SAN FRANCISCO (CN) – Twitter fired a software engineer for complaining about the company’s sexist policies, which she told CEO Dick Costolo are “arbitrary and unjust,” she claimed Thursday in a class action.
Tina Huang claims in Superior Court that she was one of Twitter’s earliest hires, but was denied promotions because Twitter “discriminates against its female employees by failing to promote equally qualified or better qualified women to engineering leadership positions.”
“The company’s promotion system creates a glass ceiling for women that cannot be explained or justified by any reasonable business purpose, because Twitter has no meaningful promotion process for these jobs: no published promotion criteria, nor any internal hiring, advancement, or application processes for employees,” Huang says in the complaint.
Huang started at Twitter in 2009, when the company had fewer than 100 employees, and she says its dramatic growth has been largely due to the work of early hires.
“Indeed, many of the early hires now hold senior positions in the company, and without exception, all of those senior positions within the software engineer job family are held by men,” her complaint states.
Huang claims that “Twitter recognizes its company-wide, pervasive problem of discrimination. It has conducted internal diversity studies, focusing on barriers to women’s advancement. It also treats its promotion process (and the gender disparities therein) as a common, companywide problem requiring a companywide solution. “For example, Twitter recently began providing bias mitigation training throughout the company.”
Huang says senior management has acknowledged the gender disparity by saying the firm will “‘continue improving’ its ‘diversity standing’ and ‘move the needle.'”
In early 2013, she was put in the running for a senior software position by her immediate supervisor, which Huang says is the only way promotions are done at Twitter.
The senior staff engineer position would be a critical promotion in her career, because the job would have shifted her focus from coding and individual projects to a leadership role and company-wide collaboration, as well as access to high-level management meetings.
But despite years of impressive service to Twitter, excellent evaluations by peers and supervisors and an absence of any criticism or disciplinary issues, Huang says she was denied the promotion without explanation.
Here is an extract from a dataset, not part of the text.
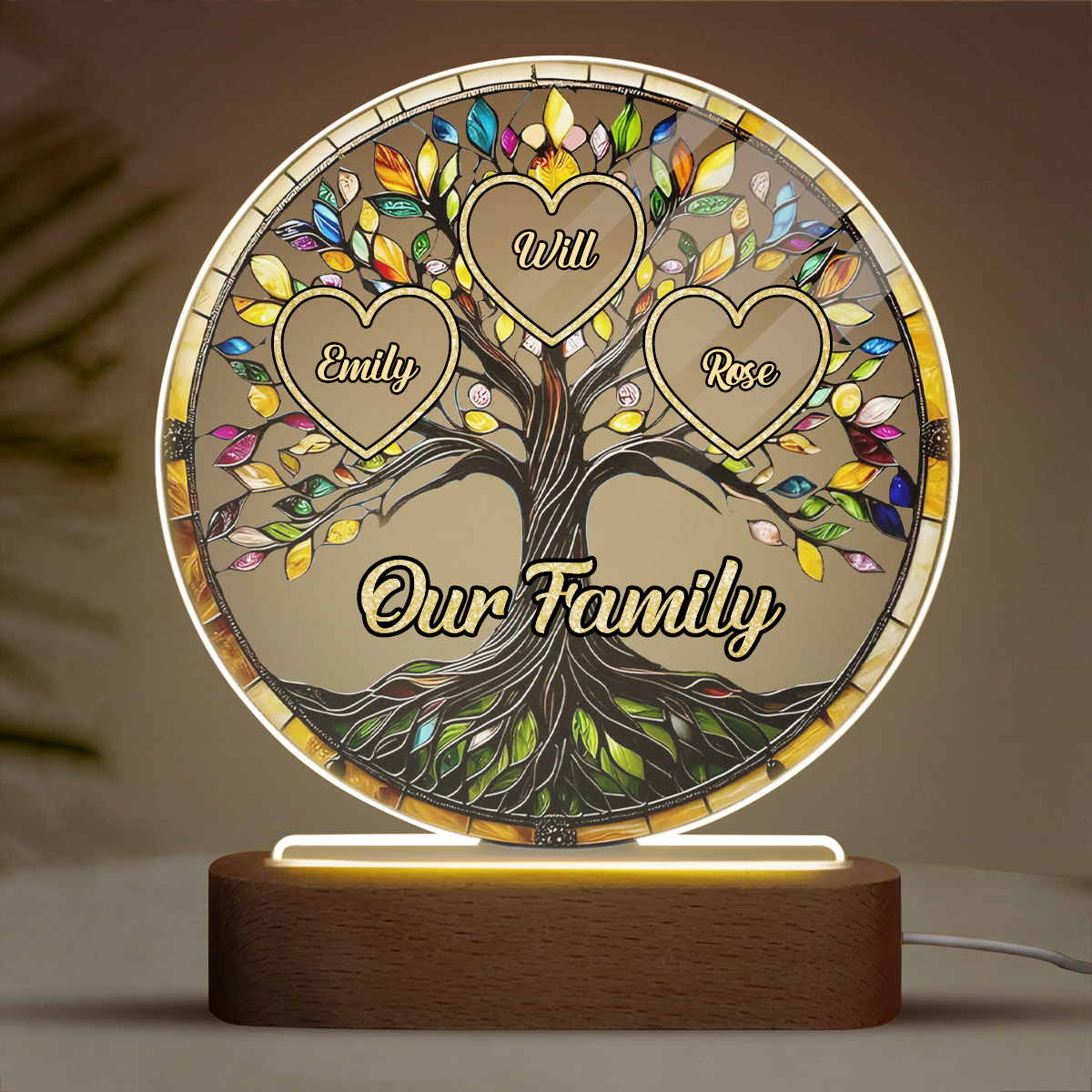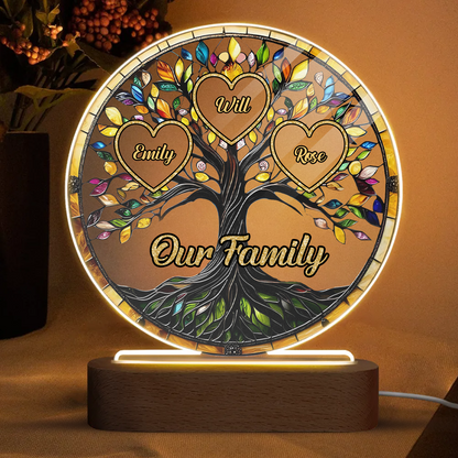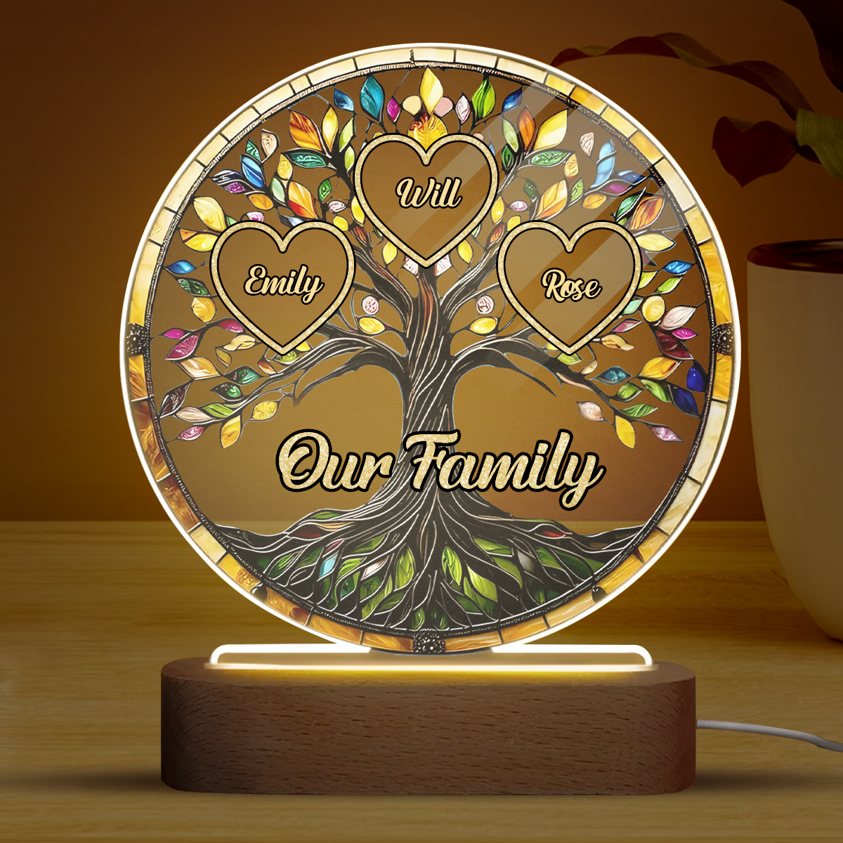 Loving Family Tree Unbreakable Bond - Personalized 3D Led Light Wooden Base

She sought objective reasons, but was given none. The only reasons she could find, she says, were rumors about “her ‘aggressiveness’ and ‘lack of high quality code'” on a specific project.
She also learned that seven men had been promoted to the senior staff engineer level. That’s when she sent CEO Costolo an email that said Twitter’s promotion policy was arbitrary and unjust.
She says the corporate response was to order to take “personal leave” and that it would investigate her complaint.
She says she met with Costolo and HR people, but no information about the investigation was shared with her, and her assignments were given to other engineers. Co-workers were told she was on personal leave, though they knew she had complained about the promotion process, so she says her ability to lead was undermined, too.
After three months, Huang says, “She felt she had no choice by to leave the company for the sake of her career.”
She says that Twitter’s actions “would cause a reasonable person in (her) position to feel compelled to resign.”
“Twitter intentionally caused objectively intolerable working conditions and knowingly allowed them to exist,” Huang says.
She seeks class certification, lost wages and benefits, full vesting of her stock options, and damages and punitive damages for sex discrimination, retaliation and wrongful termination.
She is represented by Jason Lohr with Lohr Ripamonti & Segarich.